Il gruppo russo è operativo da mesi, spiegano gli analisti, è risultato maggiormente attivo nell’agosto scorso e continua a operare anche dopo l’Election Day; il mezzo pratico della campagna malevola è costituito da email di phishing camuffate come provenienti dalla Fondazione Clinton, oppure contenenti un documento PDF sulle presunte magagne del sistema elettorale federale, mentre gli obiettivi sono di alto profilo e includono think-tank e organizzazioni (non) governative come Radio Liberty, Consiglio Atlantico, RAND Corporation, Dipartimento di Stato e via elencando.
La campagna malevola non utilizza vulnerabilità precedentemente ignote, dicono da Volexity , ma risulta essere abbastanza sofisticata da far credere all’esistenza di un’organizzazione professionale e ben pagata alle sue spalle; questi criminali vanno avanti da anni a sviluppare sempre nuove backdoor, spiegano i ricercatori, integrando nuove conoscenze in materia di cyber-sicurezza durante il cammino.

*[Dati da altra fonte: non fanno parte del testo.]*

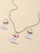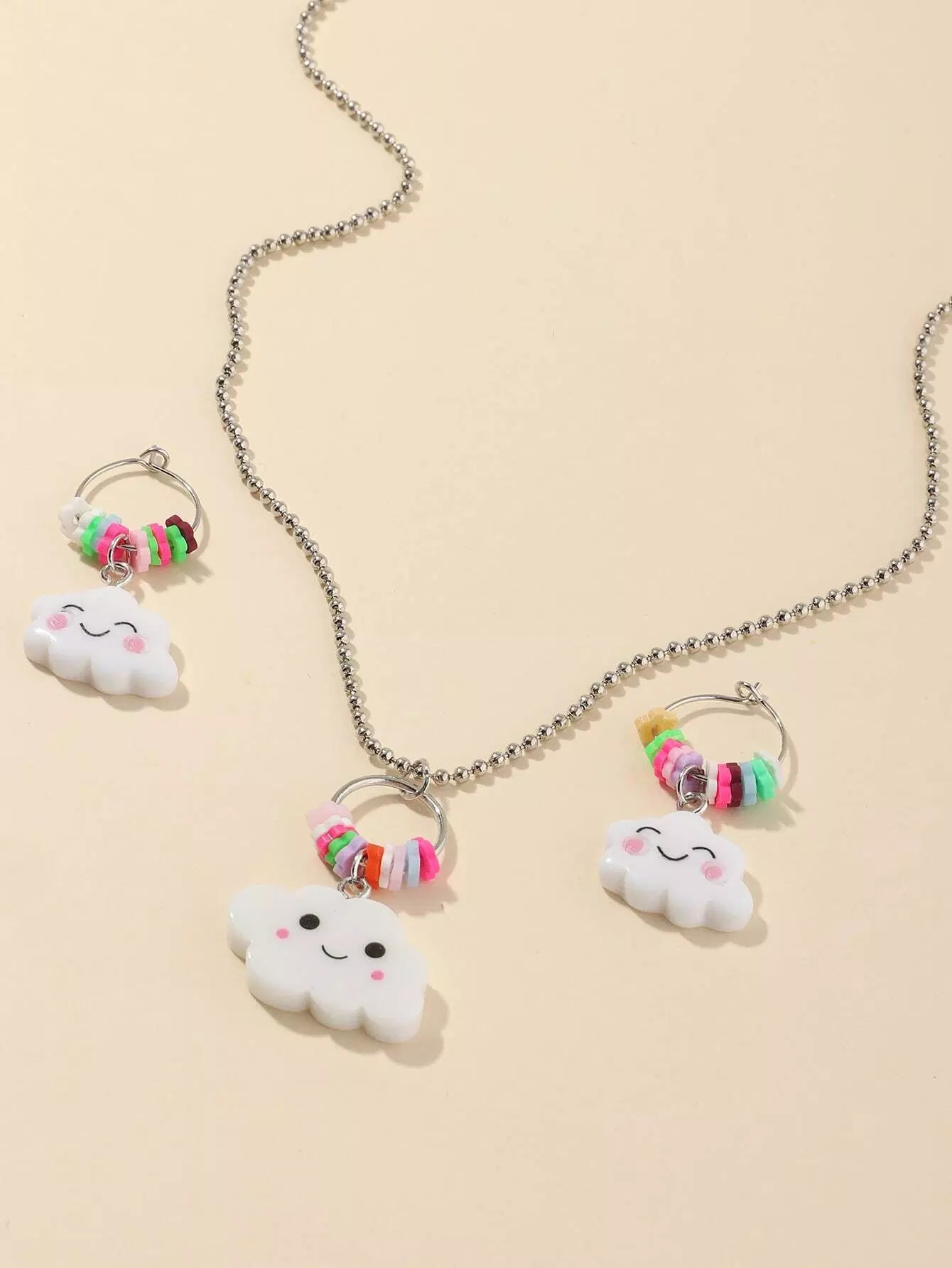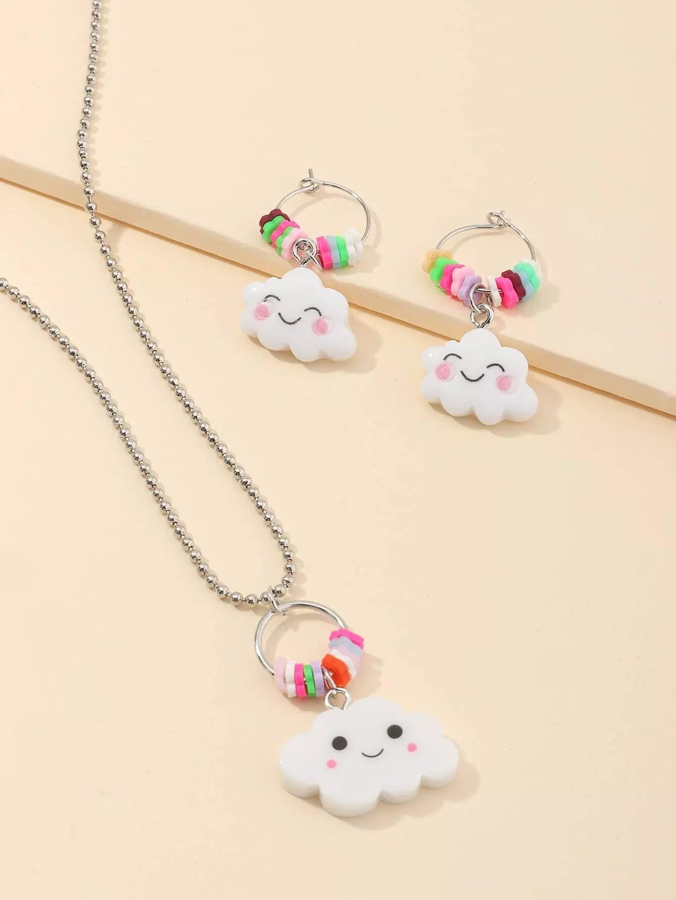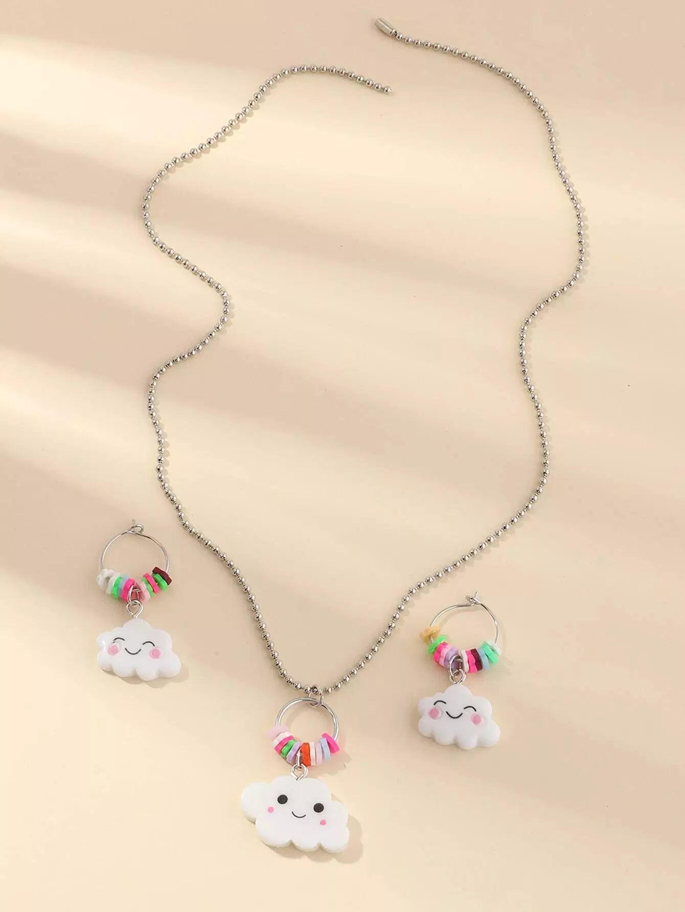 1pc Girls Cartoon Cloud Pendant Necklace & 1pair Earrings
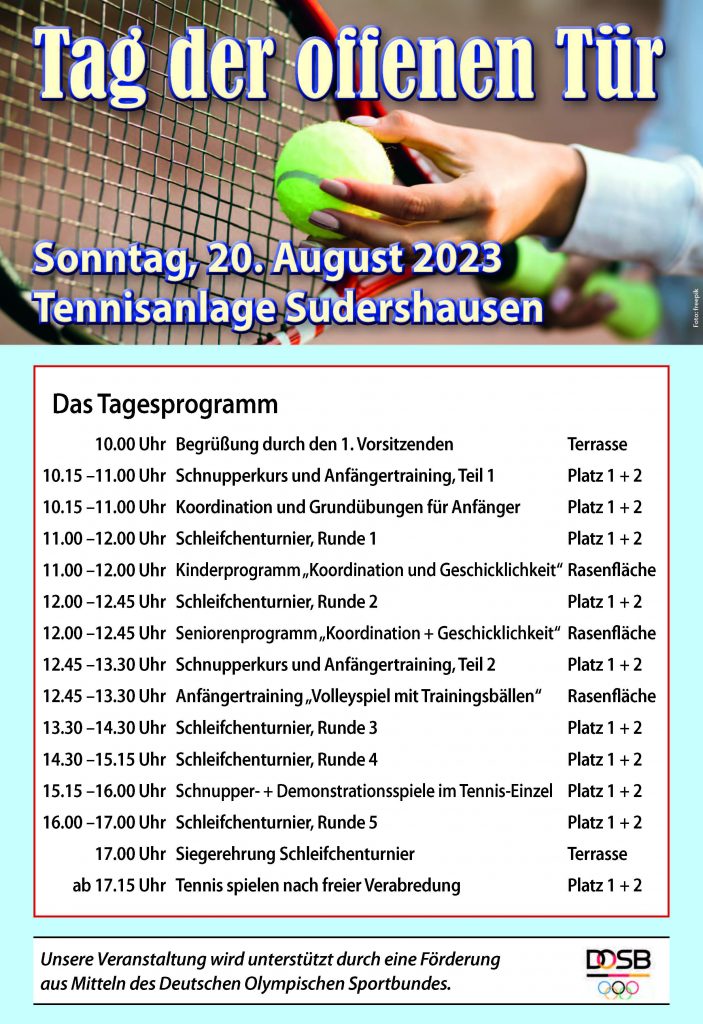 Am kommenden Sonntag findet auf unserer Tennisanlage bekanntlich unser „Tag der offenen Tür“ statt. Nachdem in den letzten Tagen noch an einigen Kleinigkeiten gefeilt wurde, steht der Ablauf des Programms nun endgültig fest. Die Veranstaltung beginnt pünktlich um 10 Uhr und wird ohne größere Unterbrechung bis in den späten Nachmittag andauern. Bei dem bunten Angebot, das die Veranstalter ausgearbeitet haben, ist garantiert für jeden etwas dabei. Besonderes Augenmerk sollten die Gäste unter anderem auch auf das kulinarische Angebot legen, denn auch hier betritt unser Catering-Team mit neuen Produkten in einigen Bereichen Neuland. Man darf also gespannt sein …

Almeno questa volta, i ricercatori non si azzardano a chiamare in causa le autorità di Mosca come probabili motori economici e politici dell’operazione The Dukes: già prima ancora dell’elezione, il presidente Trump non ha fatto mistero di avere simpatie politiche per il Cremlino e Vladimir Putin, sconfessando l’origine russa degli attacchi al DNC e parlando piuttosto di hacker isolati operativi da qualsiasi parte del mondo.